У русских поместий не было даже заборов – не говоря уже о рвах, подъемных мостах, каменных стенах с бойницами и прочих реалиях европейского феодализма. К слову, в эти западные реалии входило и позорно знаменитое «право первой ночи»[57]. Ничего похожего на это «право» Русь – Россия не знала – это была вещь невозможная, неведомая, богопротивная, беззаконная. В странах же европейского феодализма, где постыдный и унизительный обряд веками был освящен законом и обычаем, он воспринимался не как грех, а как постоянно обновляемое свидетельство покорности (или, как это выразительно звучит по-польски, «подлеглости»).

И русские помещики грешили с дворовыми девушками – читайте Лескова. Но именно грешили, понимая, что грешат, а не действуют по праву и закону. На пути греха всегда стоит страх кары небесной или кары земной. Помещичья жизнь едва ли была бы возможна, если бы подавляющее большинство господ не придерживались неписаных, но очевидных нравственных законов.
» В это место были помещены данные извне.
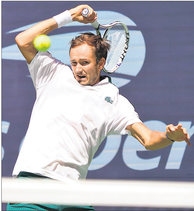
ରିଟର୍ଣ୍ଣ ଶର୍ତ୍ତ ଖେଳିବା ଅବସରରେ ଡାନିଲ ମେଡଭେଡେଭ।

ବର୍ଷର ଚତୁର୍ଥ ତଥା ଅନ୍ତିମ ଗ୍ରାଣ୍ଡସ୍ଲାମ ଟୁର୍ନାମେଣ୍ଟ ଫ୍ଲୋରିଡା ଓପେନ୍ ଟେନିସ ଟୁର୍ଣ୍ଣାମେଣ୍ଟର ଚତୁର୍ଥ ଦିନରେ ପହଞ୍ଚିଛି। ପୁରୁଷ ସିଙ୍ଗଲ ଲଭେଷ୍ଟରେ ଟ୍ରିଟାୟ ସିଡ୍ ମାନ୍ୟତା ପାଇଥିବା ରୁଷିଆର ଡାନିଲ ମେଡଭେଡେଭ ସେମିଫାଇନାଲରେ ପ୍ରବେଶ କରିଛନ୍ତି। ସେମିଫାଇନାଲରେ ସେ ବିଶ୍ୱର ୧୫ ନମ୍ବର ଖେଳାଳି କାନାଡାର ଫେଲିକ୍ସ ଅଗୋର ଆଲିଆଜିଫିଙ୍କୁ ଭେଟିବେ। ସେହିପରି ମହିଳା ସିଙ୍ଗଲରେ ଟ୍ରିଟାୟ ସିଡ୍ ମାନ୍ୟତା ପାଇଥିବା

Могли ли существовать «помещичьи гаремы», о которых пишет наш славный лондонский обличитель А. И. Герцен? Не будем слишком легковерны, поразмыслим лучше над следующим примером. В 1846 г. помещик Малоярославецкого уезда Калужской губернии Хитрово был убит своими крестьянками, причем следствие установило, что женщины сделали это в ответ на его домогательства. Но вот что важно, цитирую: «Уездный предводитель дворянства за недонесение о дурном поведении упомянутого помещика предансуду»[58]. То есть за добрый нрав помещиков отвечали их собратья по сословию. Попустительствуя греху, уездный предводитель рисковал честью и даже свободой. Возможно ли в таких условиях завести «гарем»? В селе, где ничего не скроешь?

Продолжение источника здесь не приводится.